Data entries
· · · ·

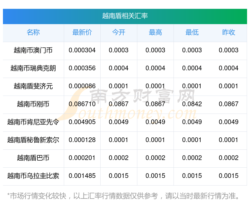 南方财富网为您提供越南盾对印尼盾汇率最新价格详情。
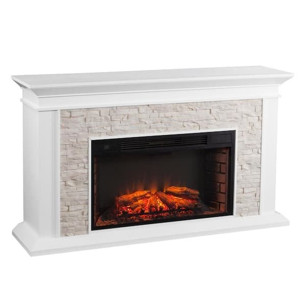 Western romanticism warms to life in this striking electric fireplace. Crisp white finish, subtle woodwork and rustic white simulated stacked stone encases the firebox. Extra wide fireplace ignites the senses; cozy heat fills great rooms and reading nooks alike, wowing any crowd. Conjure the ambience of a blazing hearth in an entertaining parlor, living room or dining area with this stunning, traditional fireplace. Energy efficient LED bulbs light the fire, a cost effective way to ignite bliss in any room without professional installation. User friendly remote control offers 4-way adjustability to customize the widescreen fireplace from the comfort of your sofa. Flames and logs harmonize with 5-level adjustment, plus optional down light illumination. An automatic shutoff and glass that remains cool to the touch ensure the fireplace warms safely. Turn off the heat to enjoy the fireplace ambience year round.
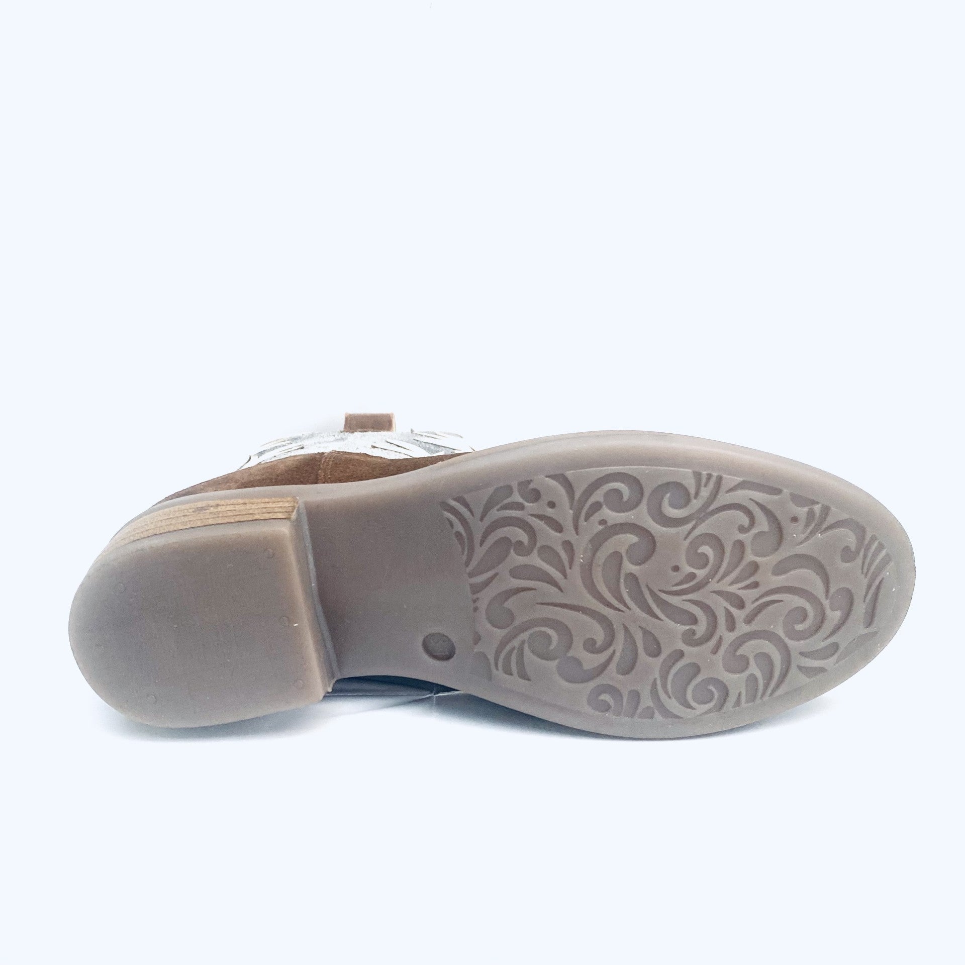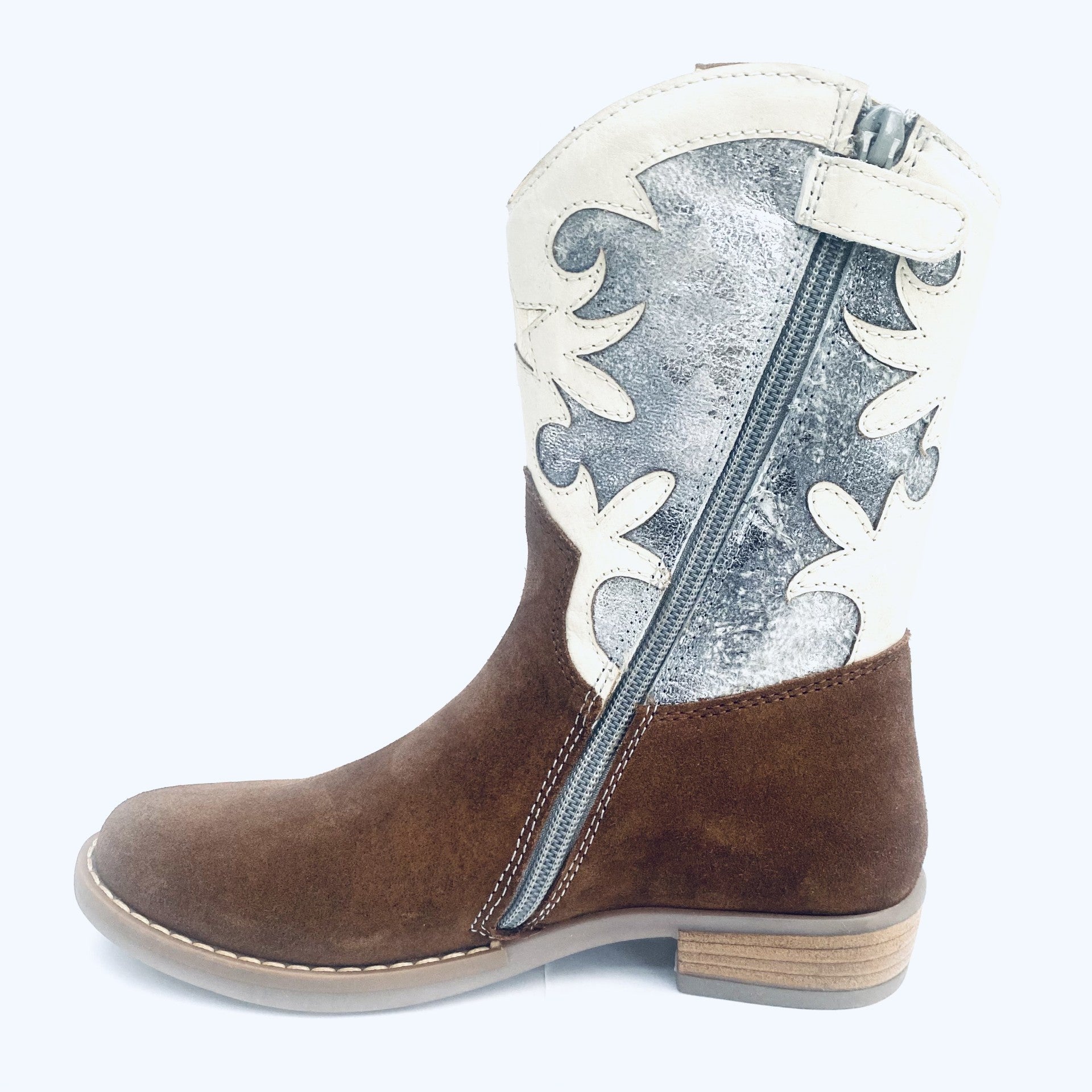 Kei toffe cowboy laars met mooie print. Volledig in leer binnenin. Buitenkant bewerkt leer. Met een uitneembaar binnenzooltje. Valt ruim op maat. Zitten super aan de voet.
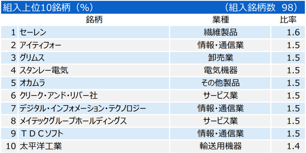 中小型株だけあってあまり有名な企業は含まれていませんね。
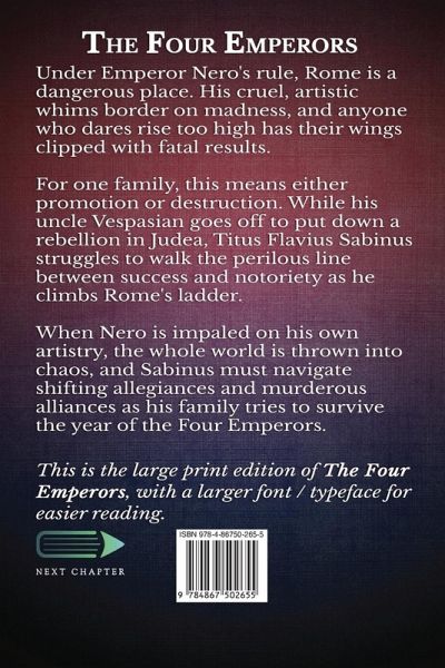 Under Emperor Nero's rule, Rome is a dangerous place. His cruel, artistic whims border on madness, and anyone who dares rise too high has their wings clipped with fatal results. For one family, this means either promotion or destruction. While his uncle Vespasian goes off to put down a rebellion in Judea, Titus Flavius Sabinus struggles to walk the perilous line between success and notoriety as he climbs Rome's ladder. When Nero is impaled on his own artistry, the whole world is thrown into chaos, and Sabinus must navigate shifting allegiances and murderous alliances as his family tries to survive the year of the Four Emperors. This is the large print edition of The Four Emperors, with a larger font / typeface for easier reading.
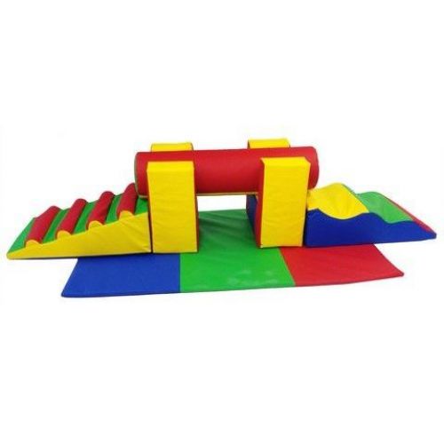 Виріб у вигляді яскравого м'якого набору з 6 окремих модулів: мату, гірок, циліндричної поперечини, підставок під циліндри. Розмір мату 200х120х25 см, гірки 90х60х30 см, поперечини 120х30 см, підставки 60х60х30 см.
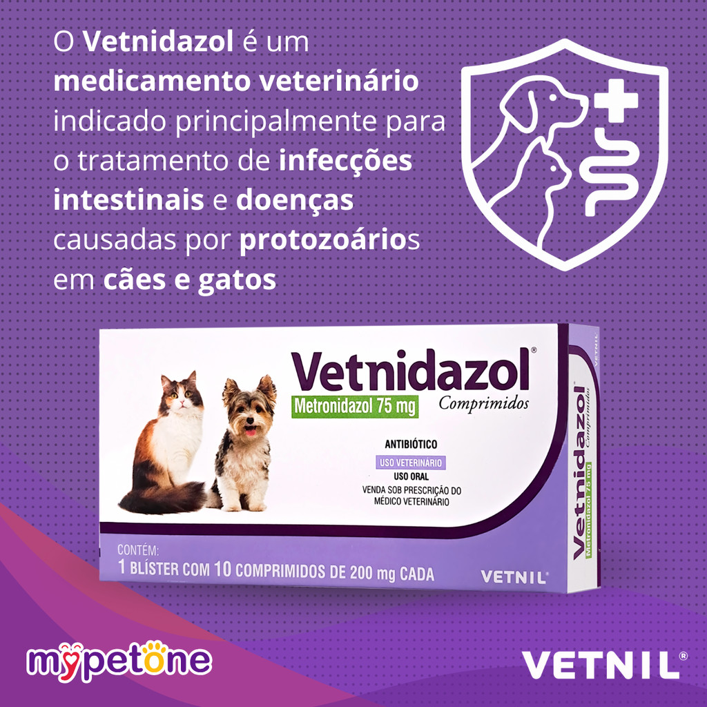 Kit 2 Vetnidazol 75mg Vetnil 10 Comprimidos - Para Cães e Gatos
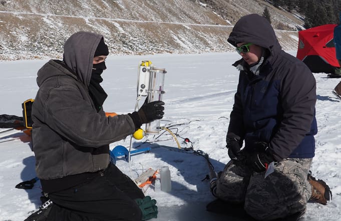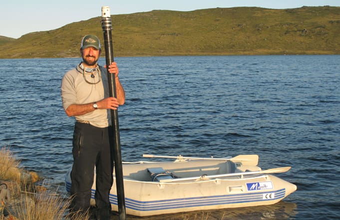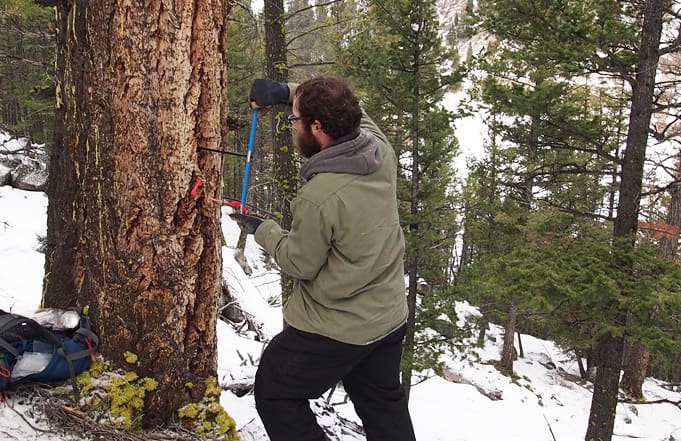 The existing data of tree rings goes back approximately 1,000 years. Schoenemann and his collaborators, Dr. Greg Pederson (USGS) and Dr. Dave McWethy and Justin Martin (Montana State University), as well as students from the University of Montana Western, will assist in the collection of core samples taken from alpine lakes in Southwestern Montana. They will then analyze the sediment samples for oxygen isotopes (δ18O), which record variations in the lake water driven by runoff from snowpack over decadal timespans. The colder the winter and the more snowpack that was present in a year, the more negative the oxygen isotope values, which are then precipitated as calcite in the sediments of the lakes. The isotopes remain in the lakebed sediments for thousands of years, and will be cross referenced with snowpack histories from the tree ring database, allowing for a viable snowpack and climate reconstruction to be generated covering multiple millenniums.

· · · ·

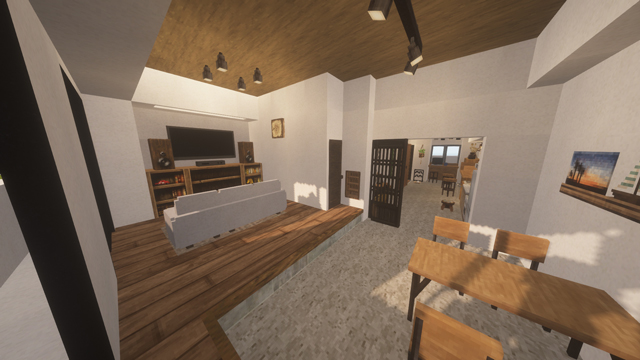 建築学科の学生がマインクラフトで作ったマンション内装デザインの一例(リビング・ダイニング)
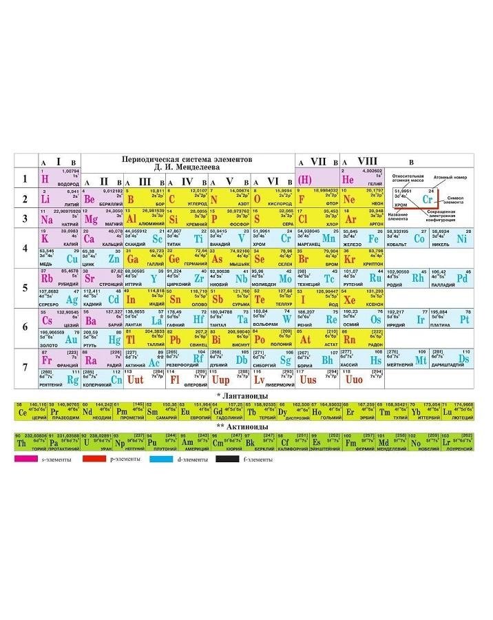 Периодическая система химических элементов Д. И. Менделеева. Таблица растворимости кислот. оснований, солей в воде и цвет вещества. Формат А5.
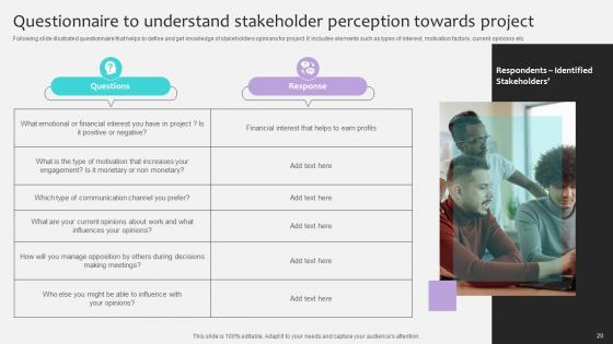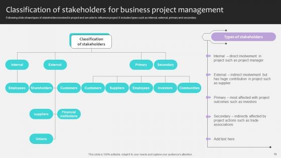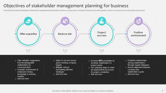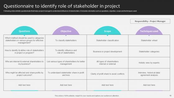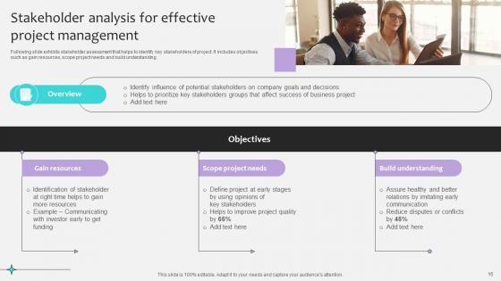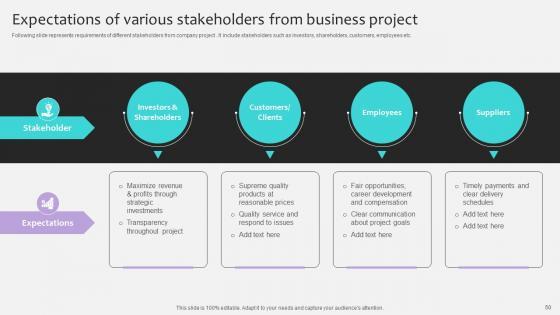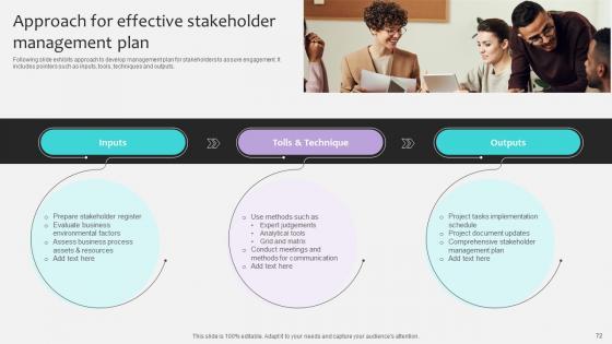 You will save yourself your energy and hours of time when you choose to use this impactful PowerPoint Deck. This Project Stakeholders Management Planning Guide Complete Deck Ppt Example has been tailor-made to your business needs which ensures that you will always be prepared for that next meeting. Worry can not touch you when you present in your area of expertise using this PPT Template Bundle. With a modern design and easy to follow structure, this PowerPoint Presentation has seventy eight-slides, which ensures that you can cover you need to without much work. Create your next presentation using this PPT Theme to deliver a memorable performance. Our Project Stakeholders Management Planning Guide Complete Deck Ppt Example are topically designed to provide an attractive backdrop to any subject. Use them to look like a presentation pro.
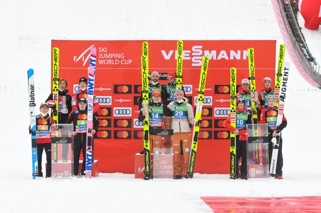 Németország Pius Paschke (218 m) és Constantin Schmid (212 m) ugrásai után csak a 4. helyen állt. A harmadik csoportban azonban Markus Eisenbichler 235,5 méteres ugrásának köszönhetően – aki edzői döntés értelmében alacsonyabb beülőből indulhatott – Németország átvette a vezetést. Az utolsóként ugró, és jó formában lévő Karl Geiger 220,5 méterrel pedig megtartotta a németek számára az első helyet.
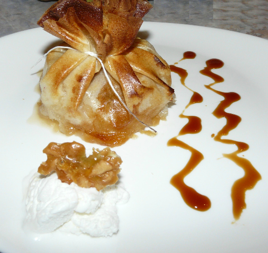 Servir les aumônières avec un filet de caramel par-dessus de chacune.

· · · ·

**WHAT YOU SHOULD DO**
Working from the entries above, reproduce exactly and only the lines beginning with the line that has "Kei toffe cowboy" and ending with the line that has "Виріб у вигляді"; omit all pictures.

**RESPONSE BELOW**
 Kei toffe cowboy laars met mooie print. Volledig in leer binnenin. Buitenkant bewerkt leer. Met een uitneembaar binnenzooltje. Valt ruim op maat. Zitten super aan de voet.
 中小型株だけあってあまり有名な企業は含まれていませんね。
 Under Emperor Nero's rule, Rome is a dangerous place. His cruel, artistic whims border on madness, and anyone who dares rise too high has their wings clipped with fatal results. For one family, this means either promotion or destruction. While his uncle Vespasian goes off to put down a rebellion in Judea, Titus Flavius Sabinus struggles to walk the perilous line between success and notoriety as he climbs Rome's ladder. When Nero is impaled on his own artistry, the whole world is thrown into chaos, and Sabinus must navigate shifting allegiances and murderous alliances as his family tries to survive the year of the Four Emperors. This is the large print edition of The Four Emperors, with a larger font / typeface for easier reading.
 Виріб у вигляді яскравого м'якого набору з 6 окремих модулів: мату, гірок, циліндричної поперечини, підставок під циліндри. Розмір мату 200х120х25 см, гірки 90х60х30 см, поперечини 120х30 см, підставки 60х60х30 см.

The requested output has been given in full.